In a recent report made available on bioRxiv* preprint server, researchers from Poland and Finland reveal a spillover event of mink-adapted severe acute respiratory syndrome coronavirus 2 (SARS-CoV-2) from farmed mink to humans after an extensive adaptation process.
Even before the ongoing coronavirus disease 19 (COVID-19) pandemic, coronaviruses were already known as zoonotic pathogens. SARS-CoV-2 is actually the third highly pathogenic member of this family to have appeared in the 21st century (after SARS-CoV and MERS-CoV viruses).
And while mass vaccination activities against COVID-19 are currently underway on a global level, we are still not yet sure how this pandemic (and its causative virus) will end. In other words, highly touted concepts of herd immunity and viral eradication are increasingly seen as unrealistic when prevalence, genetic diversity and pervasive animal reservoirs are taken into account.
Different mammalian species around the world were reported to carry SARS-CoV-2 – most notably dogs, cats, felines, minks, ferrets and deer. Furthermore, SARS-CoV-2 infections have been recently confirmed in farmed mink in European countries.
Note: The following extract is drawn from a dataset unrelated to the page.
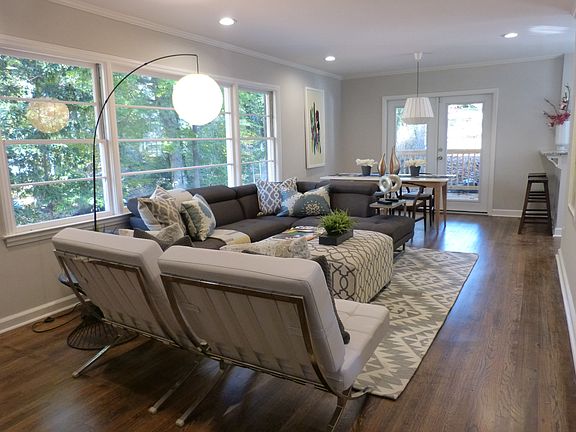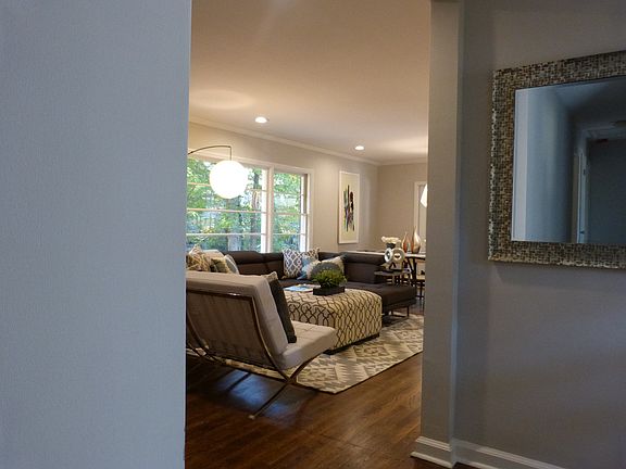 Strikingly Mid-Century Modern, this charcoal gray brick Ranch will delight you with the clean & contemporary high-end finishes throughout. Almost everything is new! Light-filled, open floor plan connects kitchen to the great rm-extend entertainment space by opening the French doors onto the side deck lending to huge, private backyard w/huge oaks & Magnolias. Ensuite master & guest bath feature clean & contemporary bathroom tiles, cabinetry & fixtures. Lots of opportunity to expand living space in huge, walk out basement. Quiet, well-kept and friendly neighborhood.
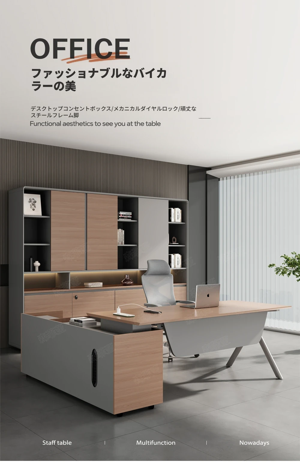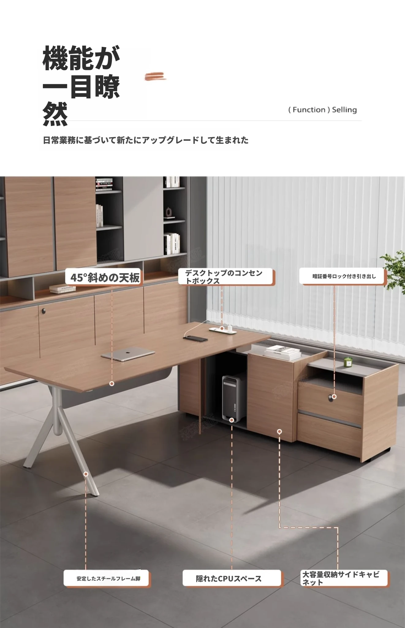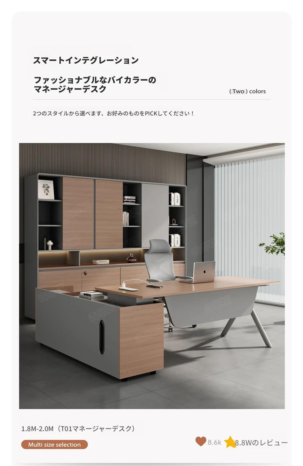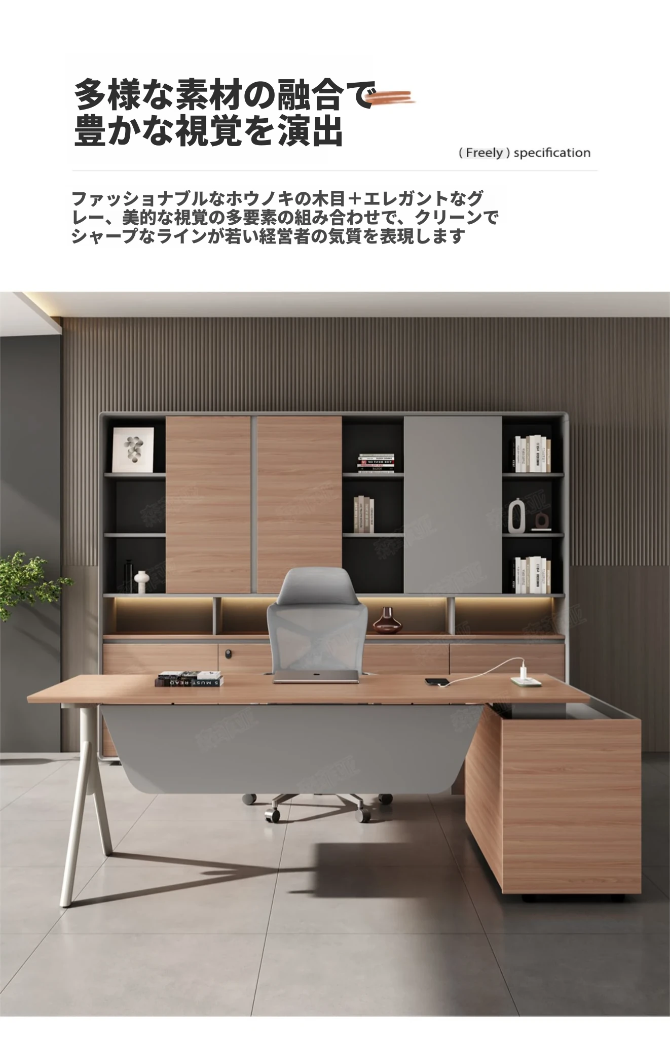 01型1.8メートルマネージャーデスク+2.4メートルファイルキャビネット 【無料配送・設置】

More specifically, the viral transmission cycle from infected mink to humans has been reported in the Netherlands and Denmark. These findings are especially important for Poland, which is the second-largest producer of mink pelts in Europe.
This is why researchers from Poland and Finland, led by Dr. Lukasz Rabalski from the Intercollegiate Faculty of Biotechnology of the University of Gdansk and Medical University of Gdansk in Poland, aimed to appraise whether there were any spillovers of SARS-CoV-2 from farmed minks to humans.
From prevalence assessment to detailed sequences
This study group (alongside other independent ones) has recently shown an active SARS-CoV-2 infection in farmed minks in Northern Poland in mid-November 2020. Although viral prevalence was low and there were only isolated cases, they have sequenced the isolates and discarded any possibility of contamination.
The most recent data acquired and deposited by the laboratory of the National Veterinary Research Institute in Poland showed the presence of SARS-CoV-2 variants from animals located in the same farm. However, subsequent phylogenetic analysis indicated that the virus belongs to the B.1.1.279 lineage (Pangolin classification), which hardly came as a surprise considering its prevalence in Europe.
In this study, SARS-CoV-2 genome sequencing has been performed at the University of Gdansk in Poland with the use of sample-containing RNA isolated from a positive swab (i.e., the amplification of two target genes with the reverse transcription-polymerase chain reaction).
The obtained reads were then basecalled, debarcoded and trimmed in order to delete adapter, barcode and primer sequences, while specific ARCTIC pipeline software has been used to generate the SARS-CoV-2 genome. Finally, phylogenetic analysis has been performed with the use of the procedure highlighted in the open source project known as Nextstrain.org.
Close clustering and mutations
In the current study, a case of infection with a mink-adapted SARS-CoV-2 variant was reported in an asymptomatic human host. Phylogenetic analysis showed that this specific virus clustered closely with viral isolates from minks.
Moreover, the researchers have found the presence of four mutations in the gene for spike protein (which includes Y453F mutation previously reported as emergent in minks), but also other ones in an isolate obtained from SARS-CoV-2 positive patient.
The mutations specific for the mink-adapted variant were present in the viral genomic sequence, validating the hypothesis that the likely route of contraction was from animals. There was also a novel mutation previously not observed in any SARS-CoV-2 isolate around the world; this one actually truncates an open reading frame (ORF) 7b at the position L22.
The emerging variant described in this study clearly indicates the adaptation of SARS-CoV-2 to the animal host, with certain point mutations fixed early during the transmission cycle between animals and additional changes stockpiling over time.
While the mutations’ exact role is to be determined, they may provide increased fitness in the new host,” say study authors. “It remains unknown whether these features alter the course of disease transmissibility, or immunogenicity in human.”
In any case, this variant should be monitored closely in the general population. These results basically confirm the necessity of country-scale monitoring of animals, as well as meticulous and genetic analysis of SARS-CoV-2-positive patients.
bioRxiv publishes preliminary scientific reports that are not peer-reviewed and, therefore, should not be regarded as conclusive, guide clinical practice/health-related behavior, or treated as established information.